How the Herb System Works in KCD2
Understanding the underlying system helps you forage more efficiently:
Respawn timers: Herbs in KCD2 don't respawn instantly. Once an area is stripped, you'll need to wait several in-game days before the same patches regrow. Rotating between two or three reliable locations is more efficient than farming a single spot repeatedly.
Time of day and visibility: Foraging during daytime with good light makes visual identification significantly easier. The game doesn't penalize herb quality based on time of day, but the practical challenge of spotting ground-level plants in low light is real.
Herbalism skill: In KCD2, as in its predecessor, Henry's herbalism proficiency affects yield. Higher skill levels increase the amount gathered per plant and can improve the chance of finding higher-quality specimens. Investing in this skill early pays off if alchemy is central to your playstyle.

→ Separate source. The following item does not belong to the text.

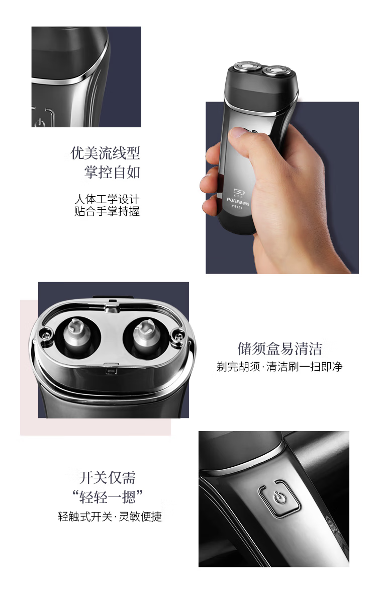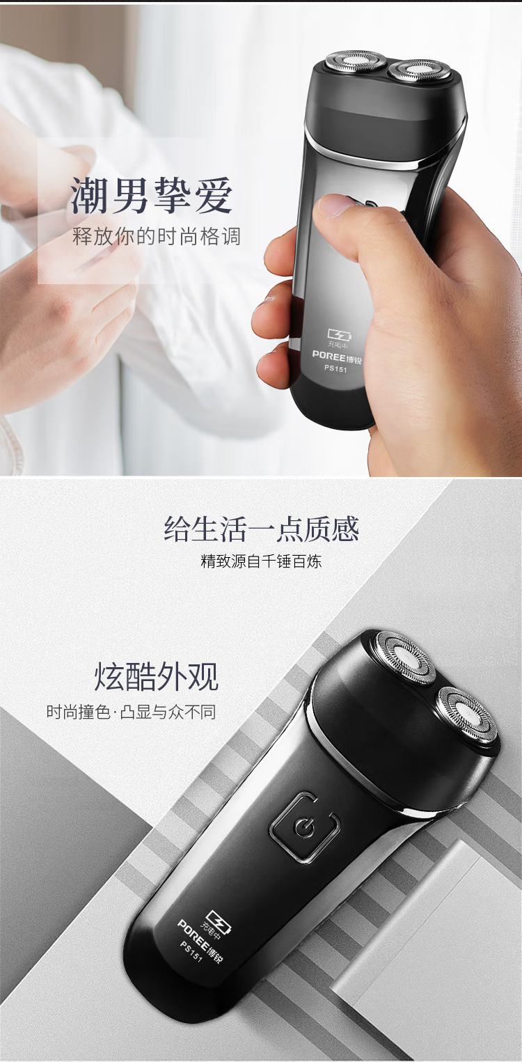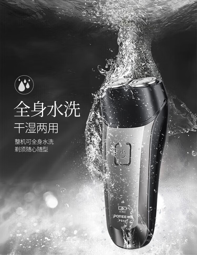 商品名称: 飞科(FLYCO)旗下博锐剃须刀电动刮胡刀 双刀头 小巧便携 充电式全身水洗智能剃胡刀 PS151 +2刀头 PS151/个

Map markers and discovered locations: Once you've found a productive herb patch, the game may allow you to mark it. Using the in-game map actively — and noting terrain features near productive zones — helps you build a personal foraging circuit.
Variables That Affect Your Foraging Results
| Variable | How It Affects Comfrey Availability |
|---|---|
| Herbalism skill level | Higher skill = more yield per gather |
| Region explored | Some map areas are richer in this herb than others |
| Time since last harvest | Respawn timers reset availability in known spots |
| Merchant stock cycles | Apothecary inventory refreshes over in-game days |
| Quest stage | Certain story stages open new map areas with more herb zones |
Different Player Approaches Lead to Different Results 🗺️
A player focused on combat and questing who rarely forages will probably find buying from merchants the most practical solution — the gold cost is manageable and it removes the time investment of dedicated herb runs.

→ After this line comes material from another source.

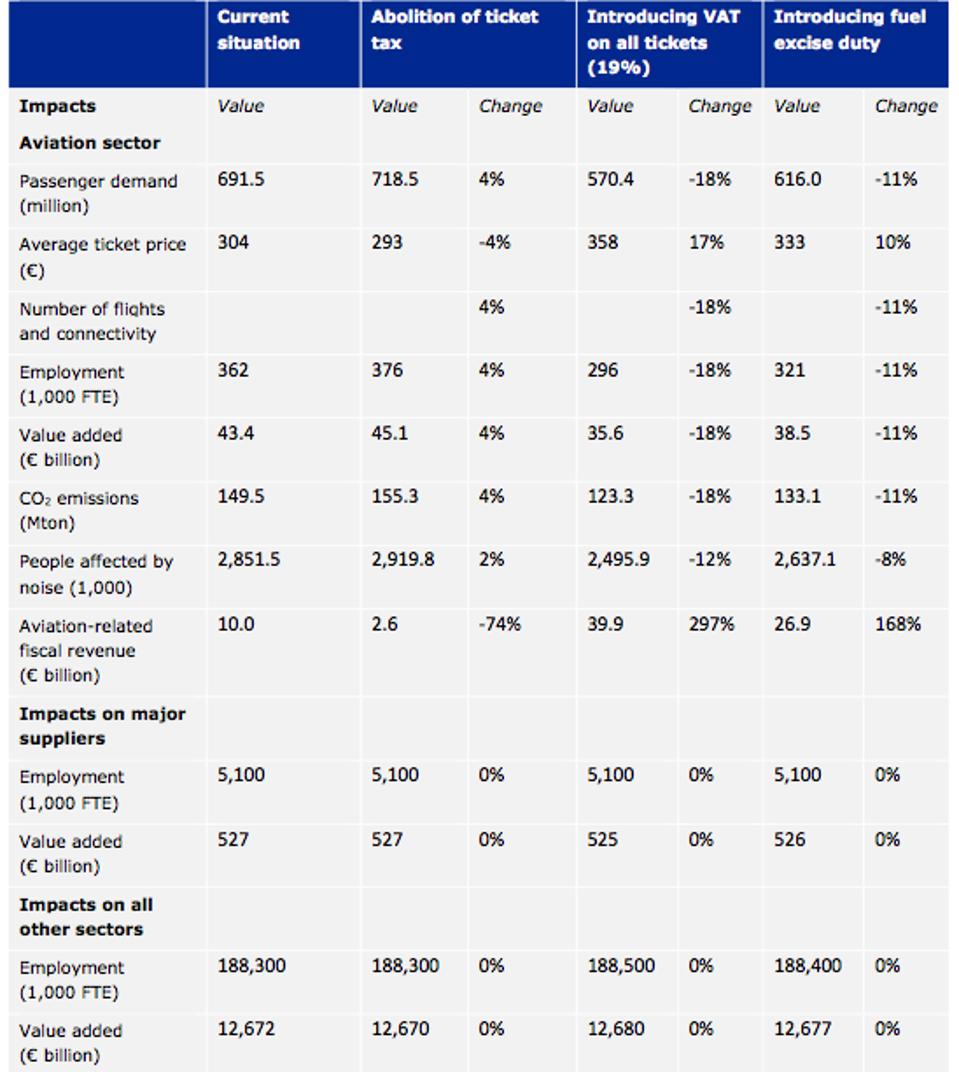 CE Delft得出结论,“新的或增加的航空税通常会对航空业产生负面影响,但对成员国内部的总体就业,财政收入和GDP的影响将接近于零”,并且“ 或增加税收将减少乘客和航班的数量以及对环境的影响。”

A player building an alchemy-heavy playthrough who regularly crafts potions will benefit more from establishing a foraging circuit through reliable terrain zones, leveling herbalism early, and supplementing with merchant purchases only for shortfalls.
Players still in early game areas with limited map access may find comfrey scarcer simply because the most herb-rich regions haven't been unlocked yet. Progression through the main story opens terrain that tends to be more biodiverse.
The herb's relative abundance also depends on how thoroughly previous sessions have stripped known locations — a player revisiting areas they farmed hours ago will find different results than one exploring a fresh zone.
Reading the Terrain Is the Real Skill
The players who find comfrey consistently in KCD2 aren't following a rigid list of GPS coordinates — they're learning to read the environment the game has built. Wet ground, woodland edges, settlement peripheries, and riverside terrain are the pattern. Once that pattern is internalized, the herb stops feeling elusive.
Whether foraging fits naturally into how you're playing the game — or whether merchant purchasing is the more practical path for your current playthrough stage — depends on factors specific to where you are in the story, how you've built Henry, and how much of the map you've opened up so far.